The relationship between EN initiation and mortality in other respiratory diseases has been widely investigated. Chun Miao et al. (2017) investigated the effect of the standardized treatment of early EN on the prognosis of patients with acute respiratory distress syndrome (ARDS) and found that early EN support could improve the nutritional status, decrease the blood glucose fluctuations, and further benefit the 28-day mortality [33]. Subsequently, Yan Guo et al. (2018) showed a consistent result wherein early, and reasonable application of EN could reduce the incidence of infection, improve lung function, and reduce the duration of mechanical ventilation as well as the length of ICU stay of the ARDS patients [34]. In contrast, Sarah J. Peterson et al. (2017) suggested that early higher calorie exposure was associated with higher subsequent hazard of mortality for patients with ARDS, while provision after day 8 decreased the hazard [35]. An important finding in our research was that early initiation of EN for severe COVID-19 patients could significantly decrease the hospital stay length, as well as ICU stay length, without affecting the 6-month overall survival.

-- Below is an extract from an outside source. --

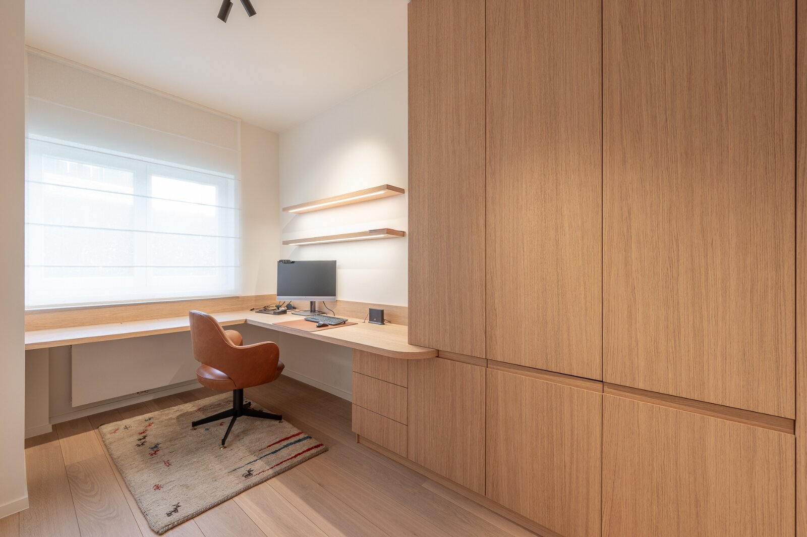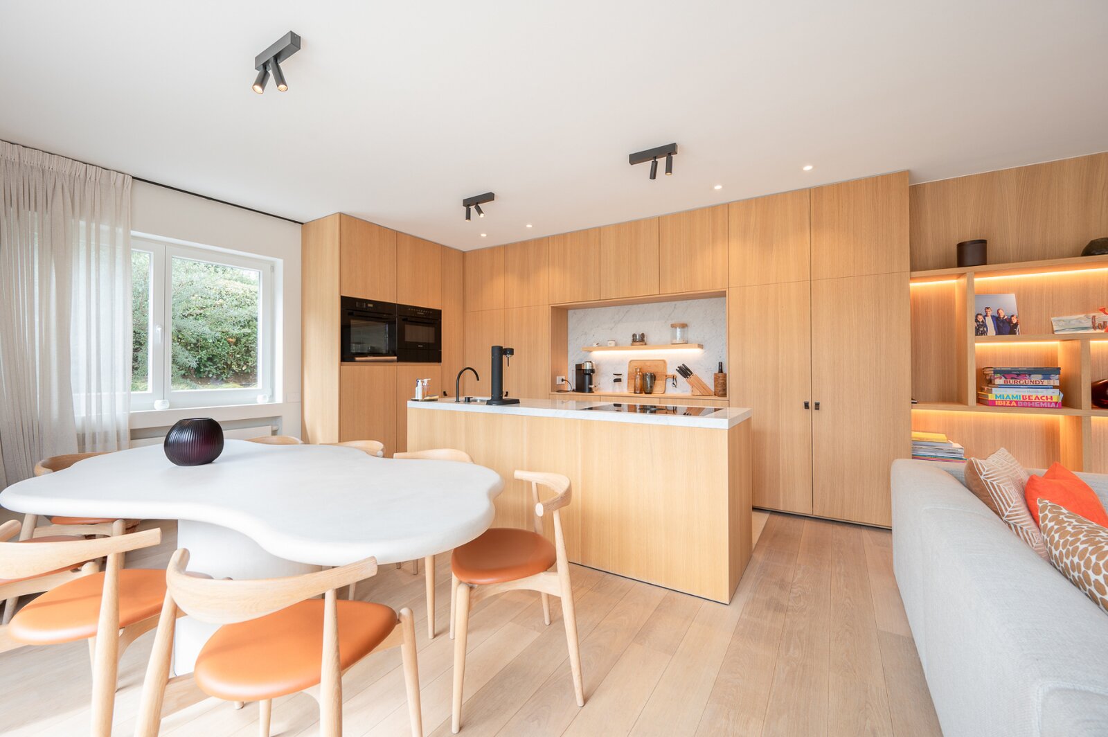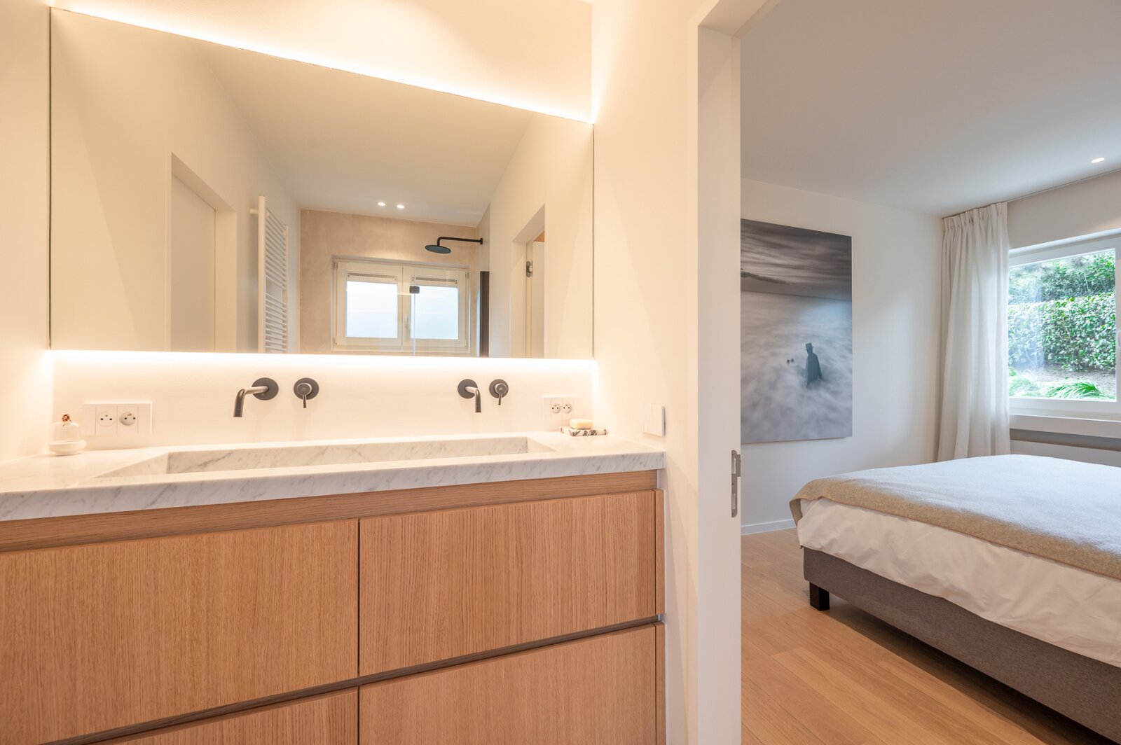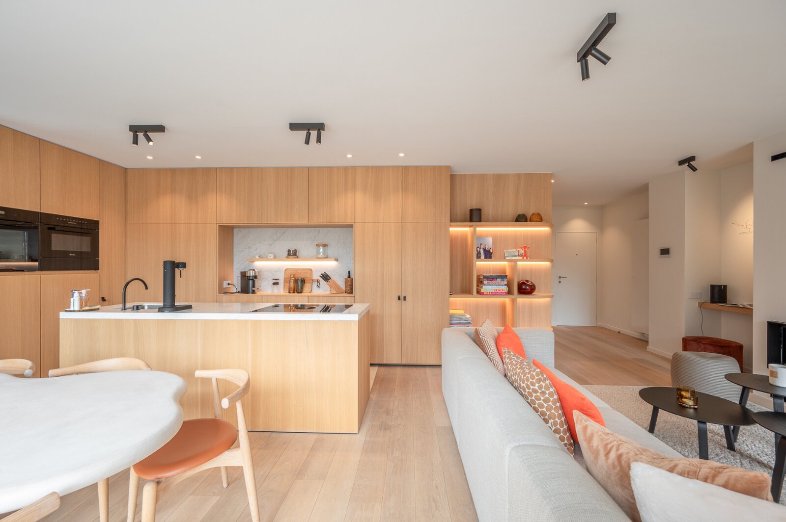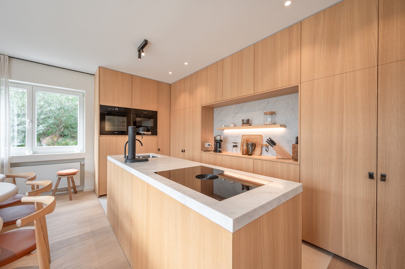 L'appartement a été aménagé avec des matériaux de haute qualité : armoires en placage de chêne, marbre de Carrare, béton ciré et parquet en chêne huilé. Domotique Bticino. Volets partout. Jardin conçu par Dominique Eeman avec arrosage automatique.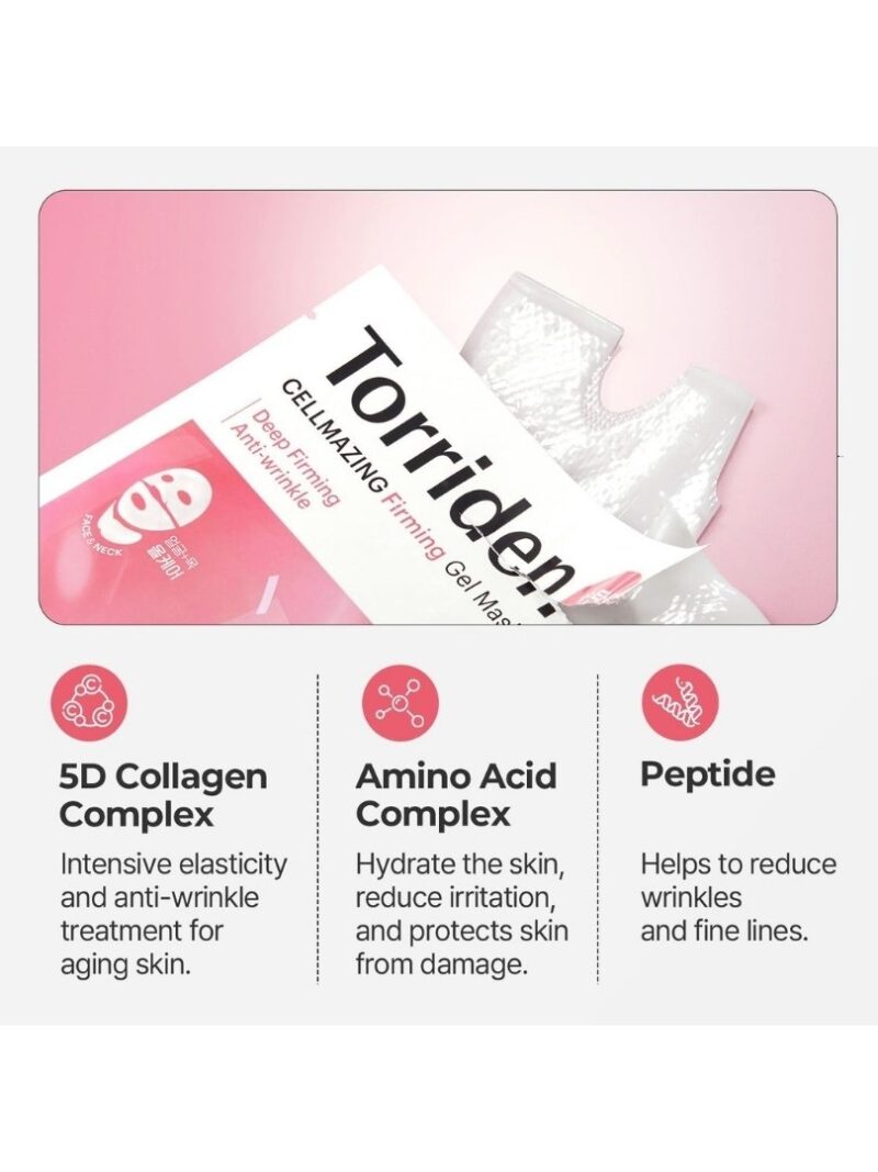 Η Torriden Cellmazing Firming Gel Mask είναι μια συσφικτική – αντιγηραντική μάσκα για το πρόσωπο και το λαιμό, υπόσχεται ελαστικό, σφιγηλό και νεανικό δέρμα άμεσα μετά την εφαρμογή της. Έχει υψηλή περιεκτικότητα σε πεπτίδια, κολλαγόνο και αμινοξέα, ενώ η σύνθεση της είναι ανάλαφρη και ταυτόχρονα παρέχει ενυδάτωση και σύσφιξη. Ο φάκελος περιλαμβάνει μάσκα προσώπου και μάσκα λαιμού.

Finally, to evaluate the safety of early EN application, we evaluated the incidence of airway complications and GI intolerance. According to an earlier report, nearly twenty percent of critically ill patients, who received EN therapy during the period of noninvasive positive pressure ventilation, developed at least one adverse event, including the development of pneumonia, progressive respiratory failure, and so on [35]. Mariko Kogo et al. also collected data from subjects with acute respiratory failure and found that EN was a risk factor for airway complications, with a significantly longer duration of median noninvasive ventilation.17 For the other aspect, efforts to provide early EN are thwarted by GI intolerance, such as diarrhea, nausea, vomiting, GI bleeding, and so on [36]. Fortunately, the incidence of airway complications and GI intolerance were not different between the two groups in our study, possibly because of excellent care and regular monitoring in our hospital, and indicates that it is safe to start EN early for severe COVID-19 patients with high nutritional risk.
This study had several potential limitations. First, our analysis was based on a retrospective study with a relatively small sample; hence there may be a selection bias to limit the generalizability of our results. To verify our results, a large prospective study, over an extended period of time, is needed. Second, the subjects included in our study were under strict restrictions; severe COVID-19 patients had NRS scores ≥ 3. For other patients with mild symptoms and a risk of malnutrition, whether the early use of EN will decrease the RS incidence is still elusive. Last but not least, we analyzed only 6-month overall survival for all the participants, the cut-off point was too short, and longer survival statistics are eagerly awaited for further conclusion.